I think the possibility of abuse is a really important point: wheretofind.me could absolutely be used against someone's will in its current format, and would be a useful tool for the complete hooting dickholes at kiwifarms and other such places. Harassment campaigns often have people who collate together information that can be then distributed and weaponised among the horde, and sadly as it stands this'd be a very helpful tool for facilitating this. All you do is input all of the possible attack vectors to wheretofind.me without someone's consent, and then start sharing innocuous-seeming links online to your followers, who then dispense abuse en masse. Given how common it is for harassment campaigns to impersonate the people they attack, they'd probably also claim that the person shared the info themselves and was "proof" they were manufacturing drama, thus aren't really being attacked. (This claim happens a lot.) So yeah: That hadn't occurred to me as a possibility, but it's a very plausible application for the platform as it stands. The suggested method for letting people authenticate their accounts before deletion seems like a good one, too. To follow on from discussions on Pillowfort, another strategy that harassment campaigns use is to have someone follow a target and never interact with them, but then passes their posts and information back to the other members of the pack. The ability to control who follows you would be a helpful defence for that, since I've seen cases where people wrote a list of followers and started experimenting with selective bans until they figured out who the leaks were.

wlonk commented 5 years ago

I've added a contact email and the policy that @ojacobson described (with a few small modifications). See https://wheretofind.me/tos/#abuse-and-deletion

I am gonna leave this open, because I think that we need to still consider @krveale's very good points about triangulating who's hate-following you, and demonstrating ownership of accounts.

ojacobson commented 4 years ago

We recently received an abuse report that required serious thought, and we can probably use it to refine the practice and policy a bit.


About the complaint:

Salient facts about the complaint

(Obviously, I've left out specifics that could identify the profile or the petitioner.)

Investigation

Analysis

Concusions


This is the first time we've reviewed a profile in this level of detail, and I'll freely admit that I winged it at the time in conversation, rather than applying a principled approach up front. I'm content with the results, but justice and fairness are generally served by making the process both repeatable and reasonably transparent.
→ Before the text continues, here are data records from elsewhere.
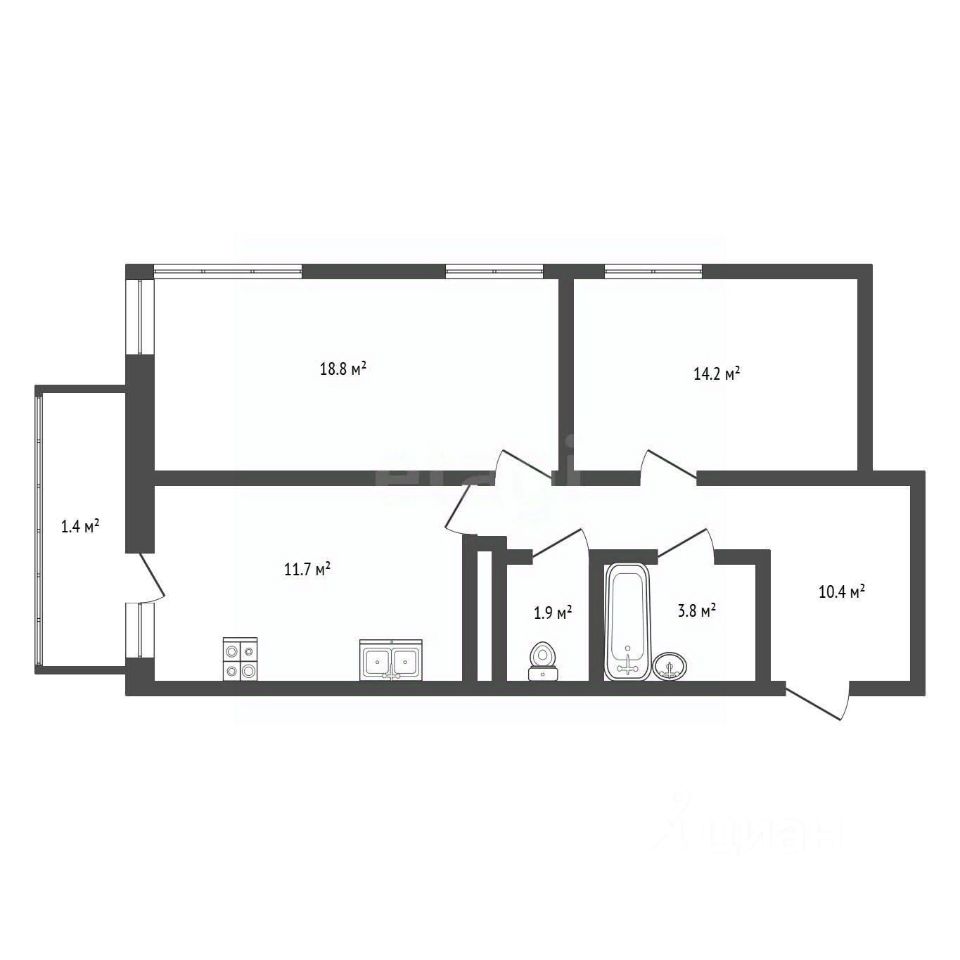 Балкон - 1,4 кв.м.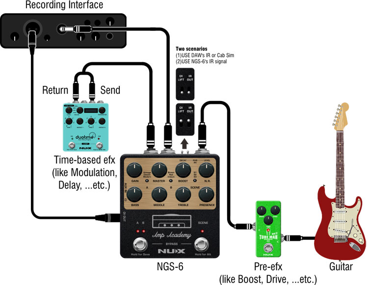 Подключите Amp Academy напрямую к интерфейсу для записи, чтобы мгновенно получить превосходный гитарный звук без необходимости настраивать усилитель или микрофоны. (Переведите переключатель IR OUT в положение UP, если вы хотите использовать IR-сигнал для 1/4" выхода. Если вы хотите включить/отключить ИК- IR с выхода DI OUT, УДЕРЖИВАЙТЕ ножной переключатель A/B и включите педаль. IR ON: Индикаторы A/B мигнут 3 раза. IR OFF: индикаторы A/B НЕ будут мигать.)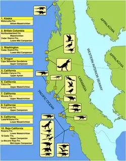 - ↑ Susannah C. R. Maidment, Christopher D. Dean, Robert I. Mansergh and Richard J. Butler (2021). Deep-time biodiversity patterns and the dinosaurian fossil record of the Late Cretaceous Western Interior, North America. Proceedings of the Royal Society B: Biological Sciences. 288 (1953): 20210692. doi: https://doi.org/10.1098/rspb.2021.0692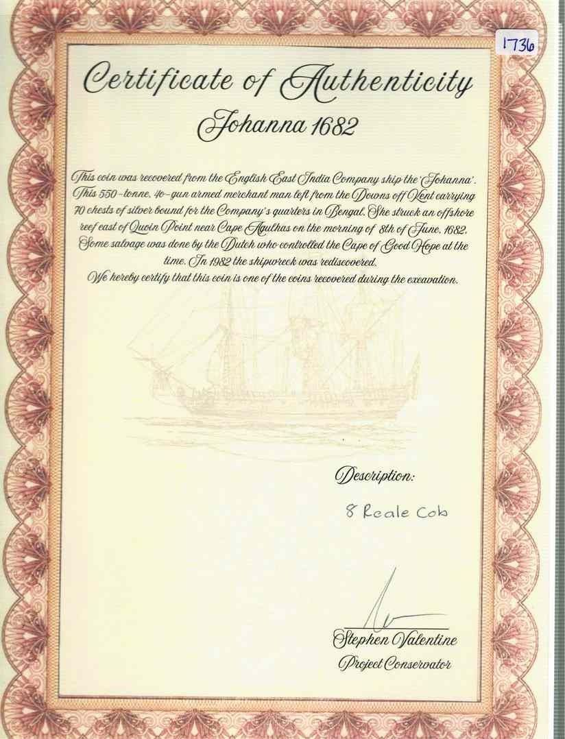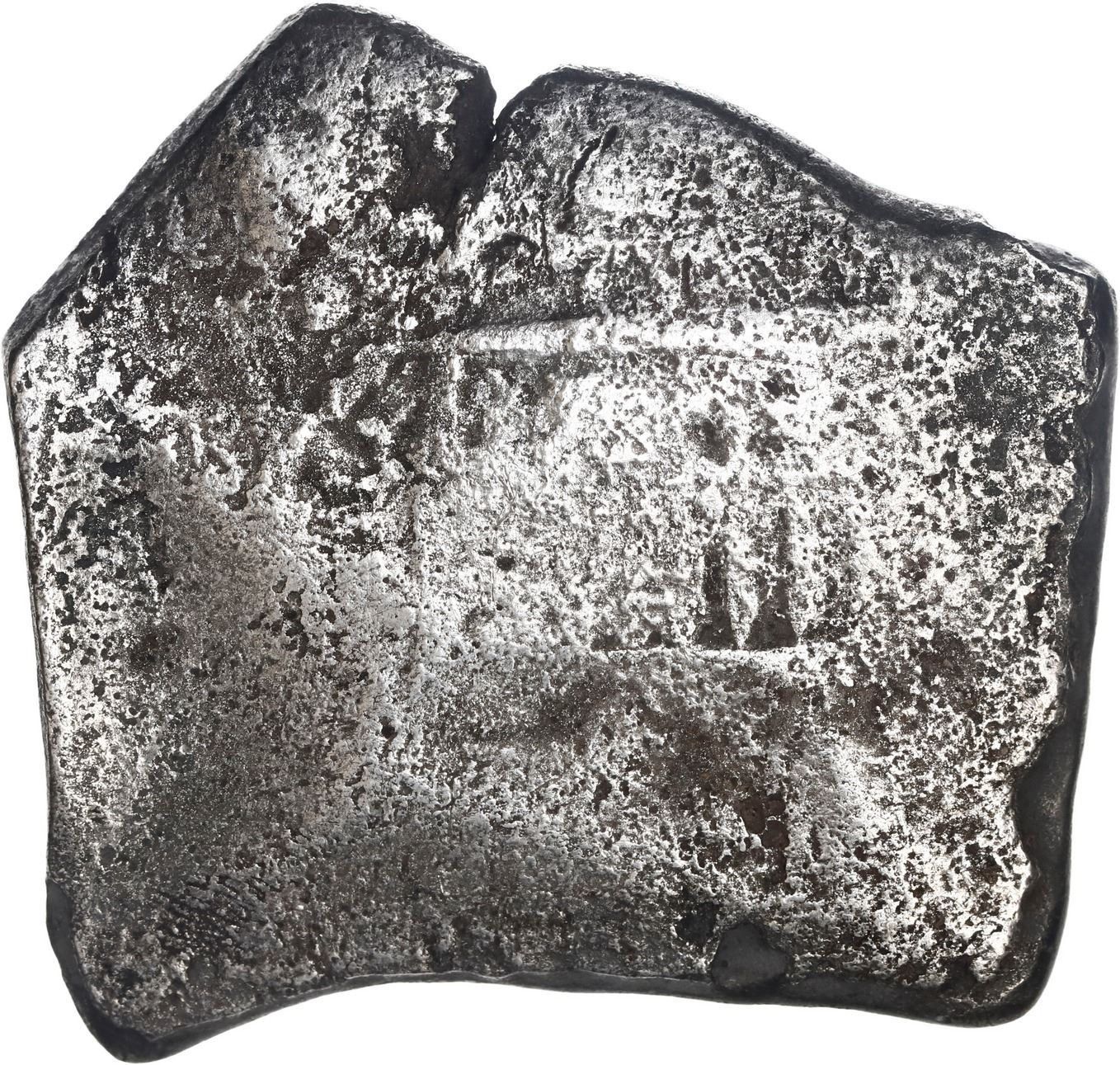 MEXICO, Mexico City, cob 8 reales, Charles II, assayer L. S-M21; KM-46; Cal-Type 108. 22.25 grams. Broad, irregularly shaped piece with partial shield and cross amid flat areas, thin edge-crack (as made). Pedigreed to the Steve Valentine Collection, with original certificate from the salvor/conservator. Recovered from: Joanna, sunk in 1682 off South Africa

Is this investigation worth codifying, either in a small way or a large one, so that the next proceeds on similar lines?

wlonk commented 4 years ago

Agree on all points.

As of this writing, no reply from the address that issued the complaint.
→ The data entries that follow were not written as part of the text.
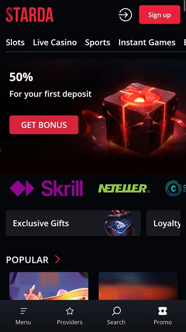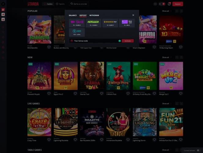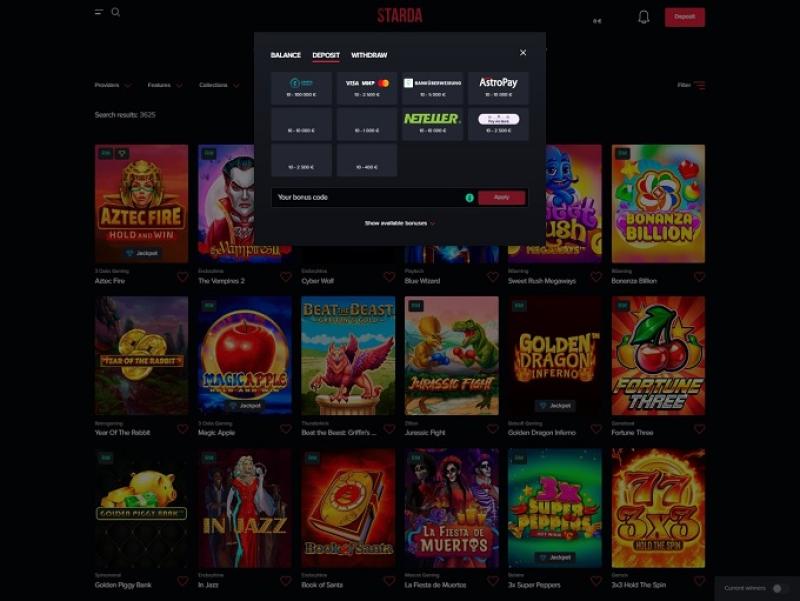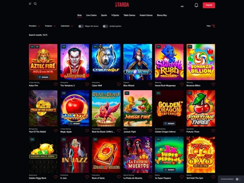 正如我們所提到的,這家經驗豐富的營運商與世界著名的線上賭場軟體開發商合作,提供一流的遊戲內容。 Starda 的產品組合包括引人入勝的賭場遊戲,從線上老虎機到真人荷官遊戲,為所有類型的玩家提供卓越的遊戲體驗。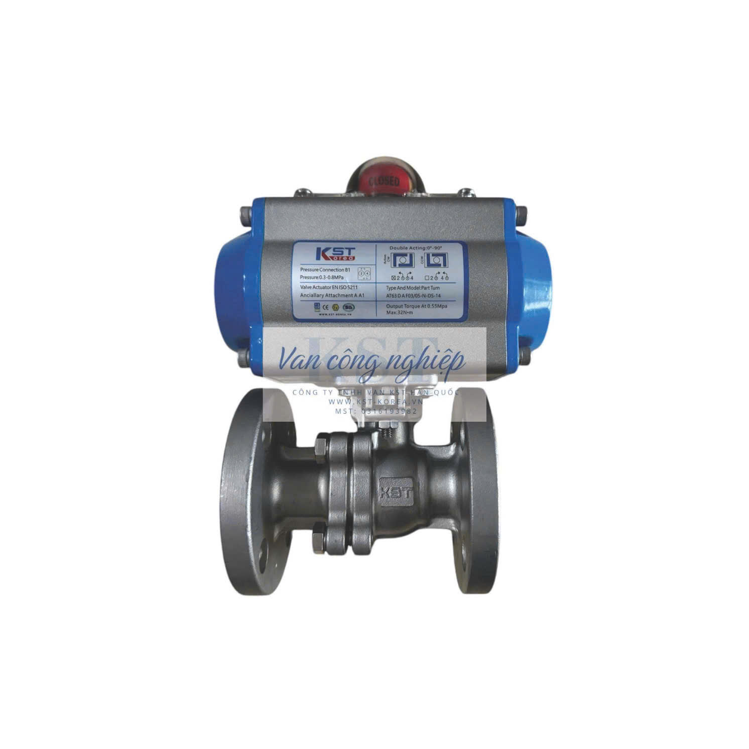 Van bi mặt bích điều khiển khí nén KST là một loại van bi tự động, được điều khiển bằng bộ truyền động khí nén, và có kiểu kết nối mặt bích. KST là một thương hiệu van công nghiệp nổi tiếng đến từ Hàn Quốc, chuyên sản xuất các thiết bị điều khiển tự động chất lượng cao.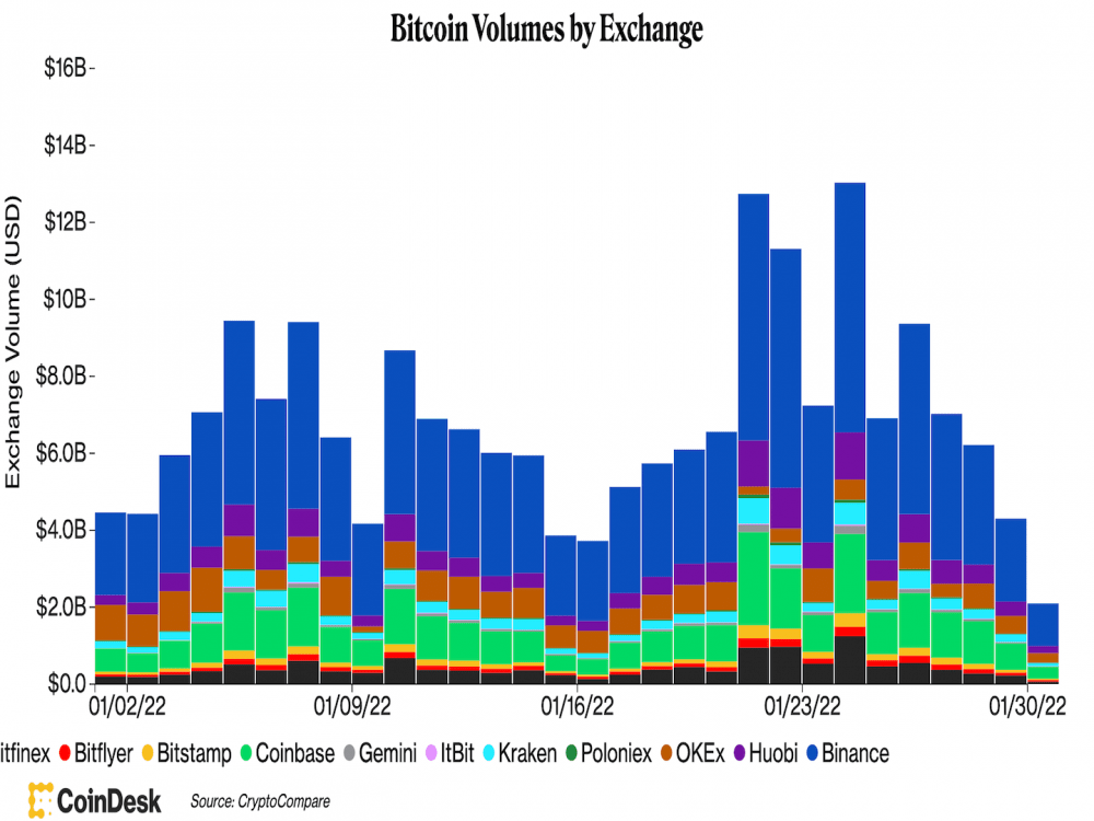 Согласно данным CoinDesk, на момент публикации самая старая криптовалюта переходит из рук в руки по цене 38 100 долларов, что немного больше за последние 24 часа. Ether, вторая по величине криптовалюта по рыночной капитализации, торговалась более чем за 2600 долларов США немного выше за тот же период. Данные, собранные CoinDesk, показывают, что объем торгов биткоинами на крупных криптобиржах значительно упал в минувшие выходные по сравнению с прошлой неделей.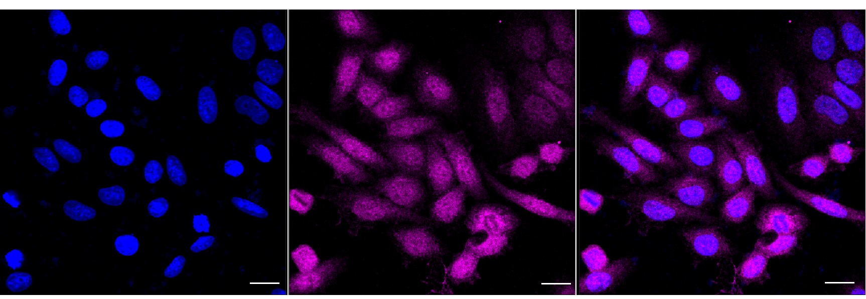 Immunocytochemical staining of HepG2 cells with IDH1 antibody. Nuclei were stained blue with DAPI; IDH1 was stained magenta with Alexa Fluor? 647. Images were taken using Leica stellaris 5. Protein abundance based on laser Intensity and smart gain: Medium. Scale bar, 20 μm.

krveale commented 4 years ago

Thanks folks, I think this is an interesting problem that's been handled well - particularly with getting them to contact you from one of the accounts.

If we were being ULTRA paranoid, I might suggest that for future cases where you're concerned about the possibility someone's under attack - which would potentially be visible if they talked about it on some of their accounts, maybe? - contact from two accounts would be even better, just in case the person targeted has lost control of one of the accounts on the list due to a hack or social engineering or something.

Then again, if someone's talking about being attacked, I'm guessing that's a pretty intuitive flag there's a problem. On the OTHER other hand, it might also be a good reason to want to deep-six the WhereToFindMe account if people were hatefollowing? Hmm. Context I guess is always going to matter.

The main thing is that you're not automating this, which fixes 95% of problems with harassment cases.

wlonk commented 4 years ago

That's a very good point, about two accounts.

kahomono commented 4 years ago

Ya know how easy this would be if we had that Keybase integration... :)

On Fri, Apr 3, 2020 at 3:49 PM Kit La Touche notifications@github.com wrote:

That's a very good point, about two accounts.